Trump’s orders didn’t just target DEI; they slashed federal funding, costing MIT up to $35 million in NIH and Department of Energy grants. This financial hit forced MIT to trim 100 graduate student spots for 2025-26, an 8% cut from this year. The ivory tower’s feeling the pinch.
“Students must be assessed according to merit and accomplishment, not prejudged by the color of their skin,” said Linda McMahon, echoing the administration’s push for colorblind meritocracy.
Meanwhile, MIT’s joined legal battles against Trump’s grant cuts, but closing the DEI office shows they’re picking their fights.

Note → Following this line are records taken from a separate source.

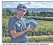
En frivillig i DNT hjelper en eldre dame med å bruke datamaskinen. Dette er en viktig oppgave for dem, spesielt for eldre mennesker som ofte har problemer med å bruke teknologien.

For de som ikke er vant til å bruke datamaskiner og smarttelefoner, er det viktig å ha noen som kan hjelpe dem. Dette er spesielt viktig for eldre mennesker som ofte har problemer med å bruke teknologien. Mange frivillige i DNT hjelper til med dette, og det er en viktig oppgave for dem. Dette er spesielt viktig for eldre mennesker som ofte har problemer med å bruke teknologien. Mange frivillige i DNT hjelper til med dette, og det er en viktig oppgave for dem.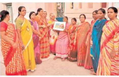
టిడిపి మహిళా నేతల ఆధ్వర్యంలో చిలకలూరిపేటలో నిర్వహించిన 'మాటామంతి' కార్యక్రమంలో స్థానికుల సమస్యలు అడిగి తెలుసుకున్న ప్రదార కరపత్రాలు పంపిణీ చేస్తున్న దృశ్యం

సందర్భంగా మహిళా నేతలు మాట్లాడుతూ జగన్ పాలనలో మద్యం ఏరులై పారుతోందని, మద్యం కారణంగా ఆడవారిపై దారులు పెరుగుతున్నాయన్నారు. జగన్ పాలన అంతానికి మహిళలంతా పిడికిలి బిగించి శపథం చేయాలని కోరారు. జగన్, ప్రజల బాగోగుల గురించి పట్టించుకోవడం లేదన్నారు. జగన్ ఇచ్చిన హామీలో ఒక్క హామీ అయినా నెరవేర్చాడా? అని ప్రశ్నించారు. పిడికిలి బిగించి మహిళలంతా మహిళల పంతం జగన్ పాలన అంతం అంటూ పోరాడాలని చిలకలూరిపేట నియోజకవర్గ మహిళా నేతలు పిలుపునిచ్చారు.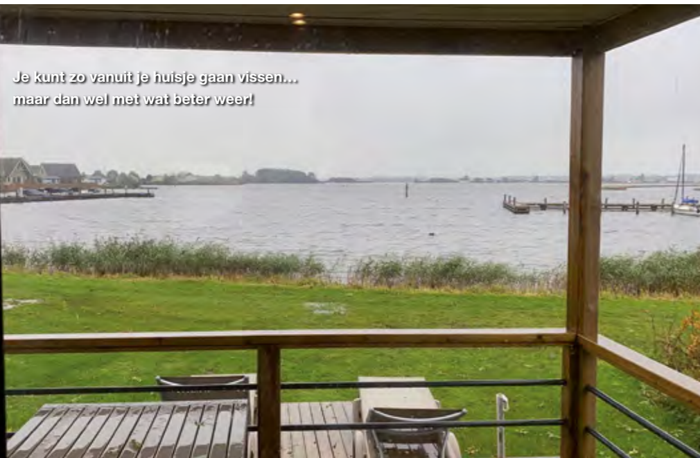
Je kunt zo vanuit je huisje gaan vissen... maar dan wel met wat beter weer!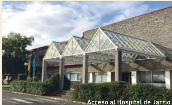
Acceso al Hospital de Jarrío

Sin embargo, desde hace unos años estamos asistiendo a constantes recortes, falta de profesionales de mu-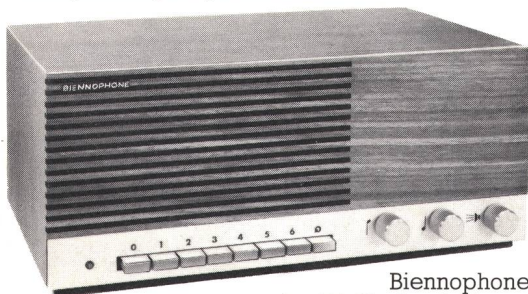
Biennophone das TR-Gerät mit Klasse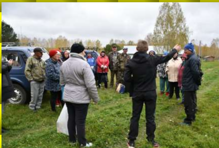
Построение и установка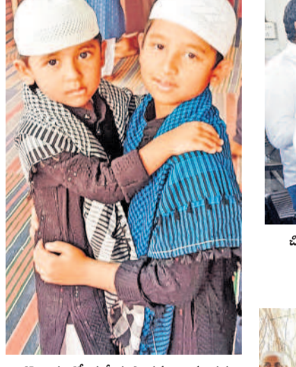
బోల్షారంలో ప్రత్యేక ప్రార్థనల అనంతరం బిన్నారలు అలింగనం చేసుకుంటూ శుభాకాంక్షలు తెలుపుతున్న దృశ్యం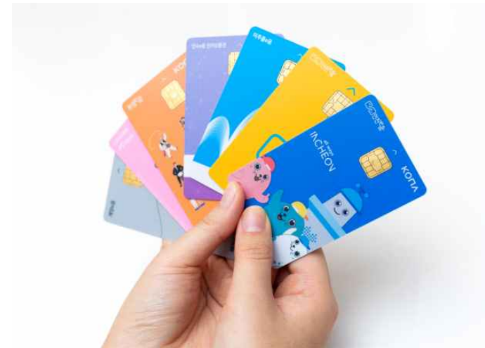
<인천 e음카드 이미지>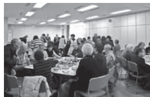
会話も弾み、会場は大賑わい!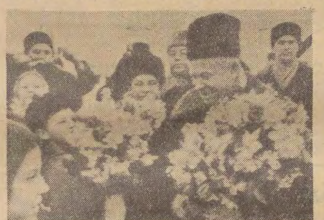
Pełnienie na lotnisku Wnukowo w Moskwie. Na zdjęciu: pionierzy wręczają kwiaty N. S. Chruszczowowi.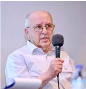
פרופ' בניציון ביילין Проф. Бенцион Бейлин

попытку самосожжения у Памятника Свободы в Риге в 1968 г., вплоть до его алии в начале 1972 года.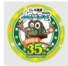
35周年記念ヘッドマーク デザインのマグネット

Smart move, or too little, too late?
Harvard, by contrast, doubled down on DEI and paid dearly, losing over $3 billion in federal funding. The Trump administration’s legal showdown with Harvard underscores a broader message: resist, and you’ll bleed. MIT’s pivot suggests they’d rather adapt than hemorrhage.
“MIT is in the talent business,” Kornbluth declared, insisting the university must attract diverse talent while ensuring everyone feels “welcome and supported.” Nice sentiment, but when DEI offices become lightning rods for division, scrapping them might actually foster unity. Or so the logic goes.

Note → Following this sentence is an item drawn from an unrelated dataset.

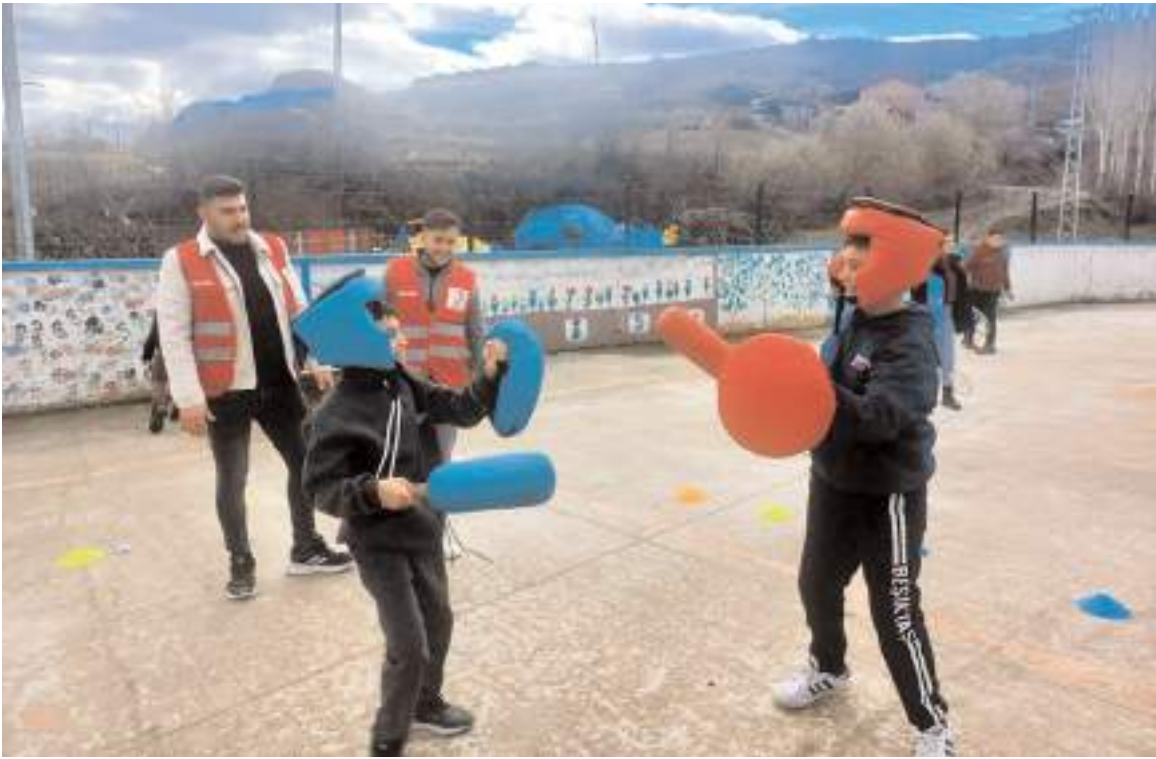
Öğrenciler oyunlarda gönüllerince eğlendiler.

duvar boyama etkinlikleri gerçekleştirildi.(AA)

The Title VI probe into MIT, deepened in March, zeroed in on antisemitic harassment and sex discrimination.
Kornbluth’s closure of the DEI office could be a preemptive strike to clean house before federal investigators do it for her. Nobody wants to be Harvard right now.
“While students ‘have been pained by chants and recent demonstrations,’ MIT has a responsibility to ‘ensure that we protect speech and viewpoint diversity for everyone,’” Kornbluth said. She’s threading a needle—defending free speech while dodging the chaos that sank her peers. Bold, but will it work?
“Meeting those goals is challenging and the results can be terribly uncomfortable,” Kornbluth added, acknowledging the tightrope of campus discourse.
Yet, discomfort is the crucible where ideas are tested, not silenced. DEI’s focus on group identity often stifles that process.
“Those who want us to shut down protest language are in effect, arguing for a speech code,” Kornbluth warned, rejecting calls to censor campus protests. She’s right—speech codes are a slippery slope, but so is letting divisive ideologies fester unchecked. MIT’s DEI closure might just cut that Gordian knot.
Harvard’s Claudine Gay, when pressed on antisemitism, famously said, “It depends on the context.” That vagueness cost her dearly, proving clarity matters more than platitudes. MIT’s decisive action suggests they’re not banking on “context” to save them.
MIT’s DEI office is gone, but Kornbluth’s still preaching inclusion, claiming it’s essential for talent to thrive. Without the bureaucratic baggage, though, maybe MIT can focus on merit over mandates.